Sen. Catherine Cotez Masto (D-Nev.) said on the website X Thursday that she met with Chris Wright, president-elect Donald Trump’s pick for Secretary of Energy.
“I sat down yesterday with Chris Wright to discuss his nomination to the Department of Energy,” Cortez Masto, whose district abuts the Nevada National Security Site, said on the site. “As we prepare to hear from him before the Energy and Natural Resources Committee, I will continue to review his qualifications and reiterate Nevada’s priorities.”
Wright will be considered for nomination by the Senate Committee on Energy and Natural Resources Wednesday, Jan. 15.
Staff from the International Atomic Energy Agency reported hearing loud blasts, coinciding with what the agency said was a drone attack on the plant’s training center, near Ukraine’s Zaporizhzhya Nuclear Power Plant on Sunday.
The team stationed at Zaporizhzhya reported hearing two loud explosions at 12:45 and 15:45, according to a press release on IAEA’s website. The team also reported hearing machine gun fire at the site on multiple occasions.
The IAEA said there were no casualties, and no impact on equipment at the plant. However, the team said there was an increase in intensity of military activities surrounding the site on Sunday.
The Pantex Plant’s Advanced Fabrication Facility is ready for use, replacing 80-year-old buildings at the site, according to a press release by the plant about the facility’s ribbon-cutting ceremony.
The AFF is 20,000 square feet and cost approximately $21 million to build. According to the press release, Pantex would aim to provide a “more efficient and cleaner workspace” for developing and testing high explosives.
“The AFF will enable Pantex to support Weapon Modernization Program production, which directly impacts deliverables to our Department of Defense customer and global security for the nation,” Jason Armstrong, Pantex’s field office manager, said in the release.
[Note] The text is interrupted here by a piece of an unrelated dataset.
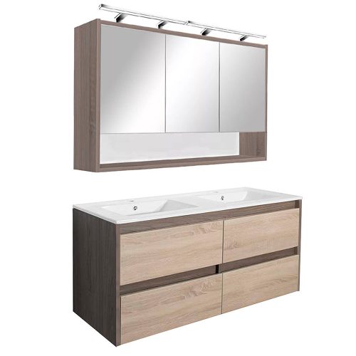 A csomag része a bútorra tökéletesen illeszkedő, fehér színű, dupla medencés kerámia mosdó is, amely két csaptelep számára kialakított hellyel rendelkezik. így nem kell külön keresni hozzá megfelelő mosdót. A csomag nem tartalmazza a lámpát, a csaptelepeket és a leeresztőt!

Pantex broke ground on the facility in 2022.
The National Academies of Sciences, Engineering, and Medicine seeks submissions for experts to serve on its Nuclear and Radiation Studies Board, the body said Monday.
The deadline to submit a nomination is Feb. 2, according to a press release. The Board is seeking four new members with expertise in nuclear engineering and fuel cycle, nuclear waste management, national security and terrorism, nuclear safety, epidemiology and radiation statistics, radiation research and health effects, or radiation protection.
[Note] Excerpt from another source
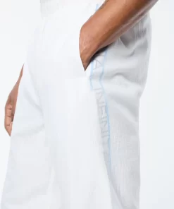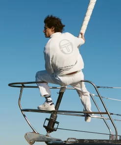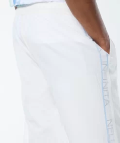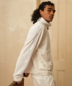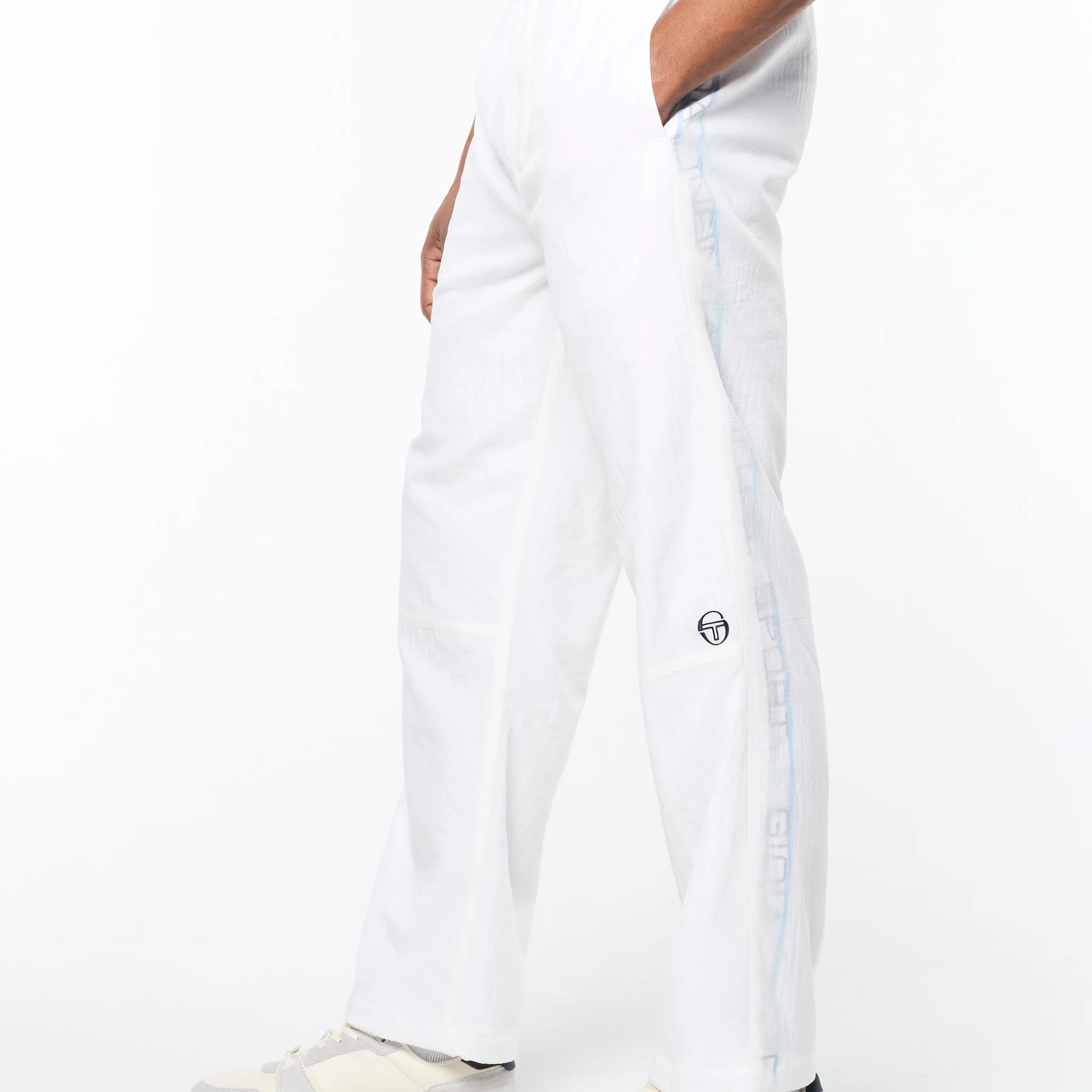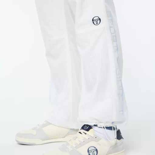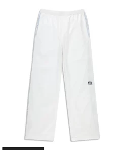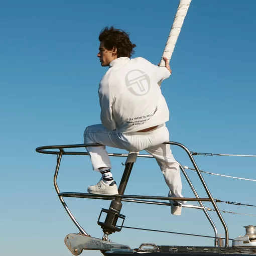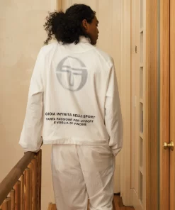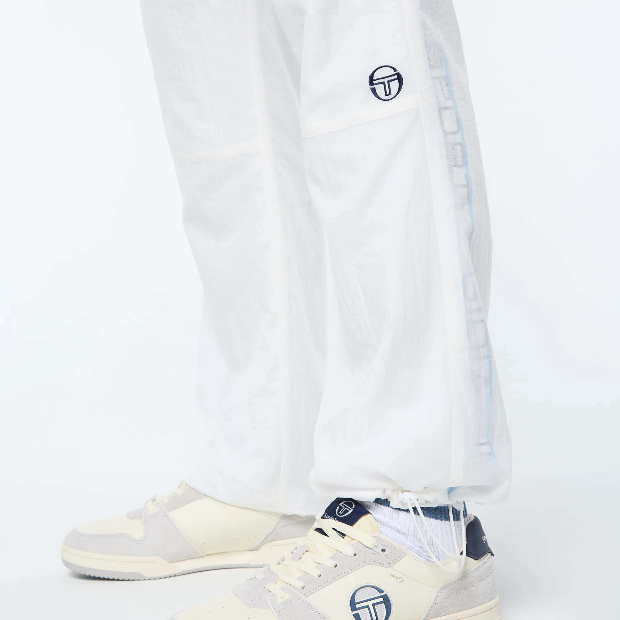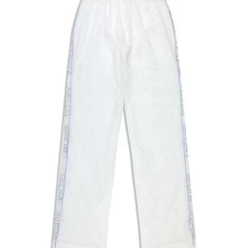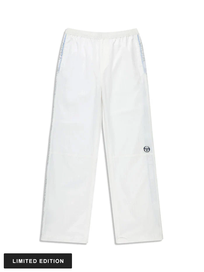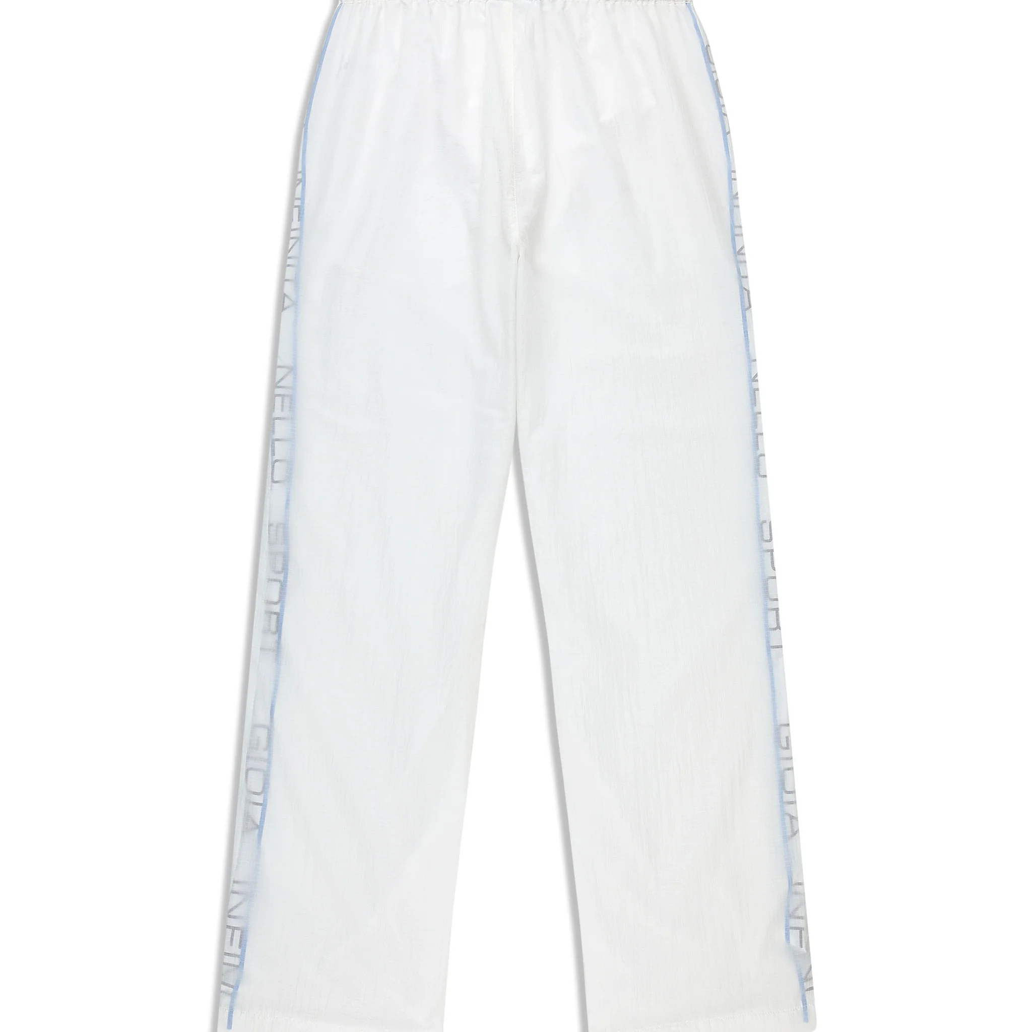 An elevated spin on classic athleticwear. The Faro Track Pant is crafted with a translucent stretch ripstop exterior featuring zip-secured pockets and an embroidered ‘ST’ monogram at the left knee. A solid inner lining boasts striped taping with a sports slogan repeat down the legs, creating a visual effect through the ripstop shell. Gioia infinita nello sport!

If elected as a board member, an expert would be expected to serve a term of three years and to attend two annual meetings.
The National Nuclear Security Administration agreed in late November to have the Office of Naval Reactors conduct an independent analysis on cost and schedule inefficiencies in the Spent Fuel Handling Facility project, according to its response to a report by the Government Accountability Office.
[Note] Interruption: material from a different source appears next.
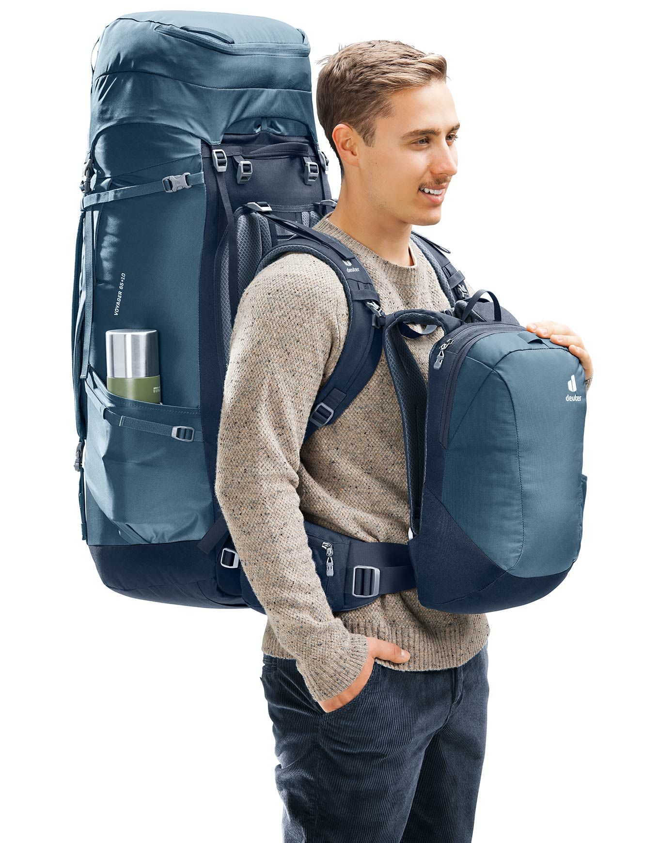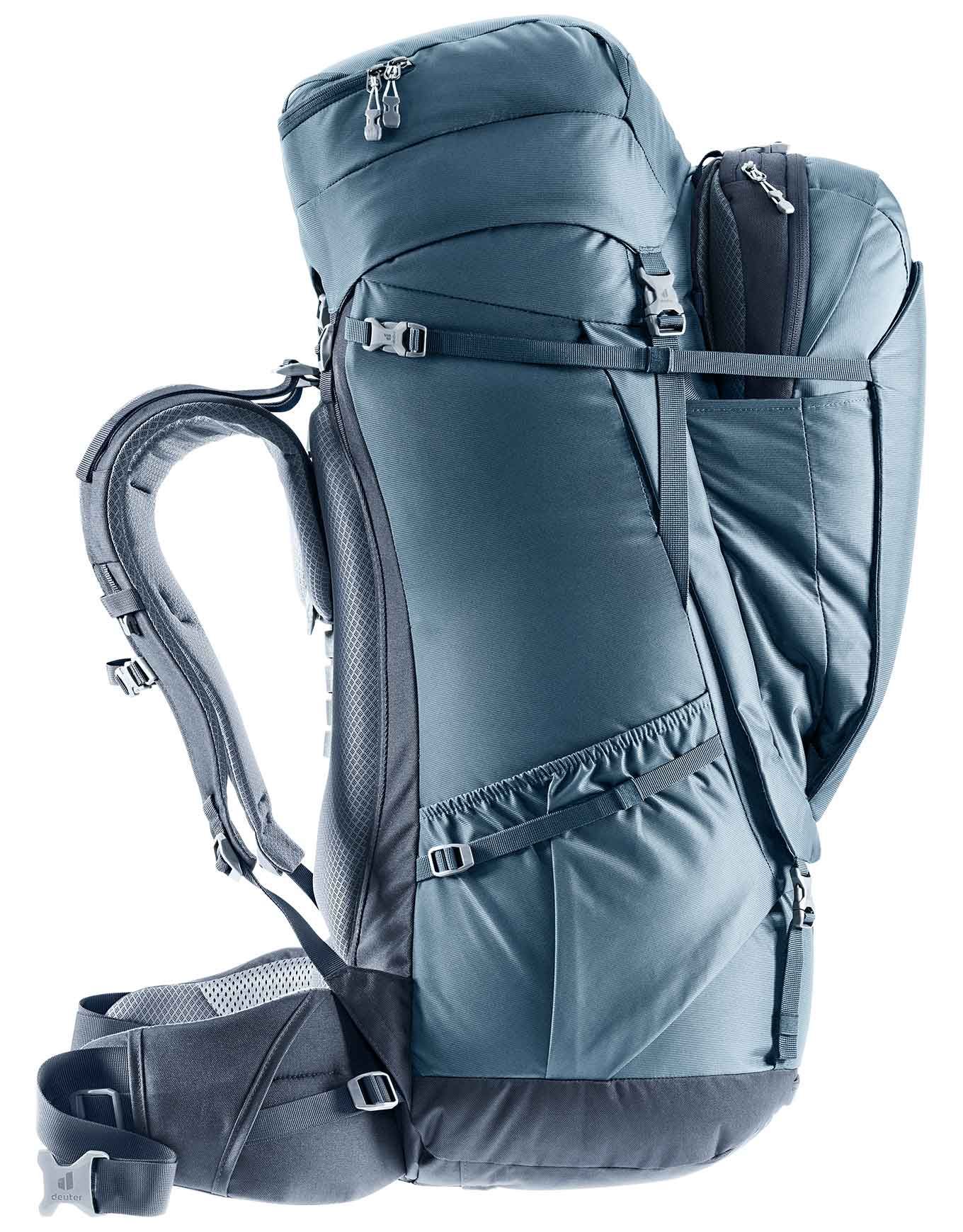 Sac à dos de voyage Deuter Voyager 65+10 Black, réglable par VariQuick, dos Contact avec cadre acier, houche pluie et daypack PC intégrés, poche NFC pour traçage.

The Office of Naval Reactors, jointly managed by NNSA and the U.S. Navy, is constructing a new facility to upgrade its handling of spent fuel for naval reactors. The GAO found that scheduling delays and cost increases — which NNSA administrator Jill Hruby attributed in her response to COVID-19, a volatile market and poor subcontractor performance — amounted to around $2 million.
The GAO conducted this report under the 2024 National Defense Authorization Act, which included a provision from Senate Report 118-58 accompanying the Act for GAO to review the status for naval spent fuel and its related facilities.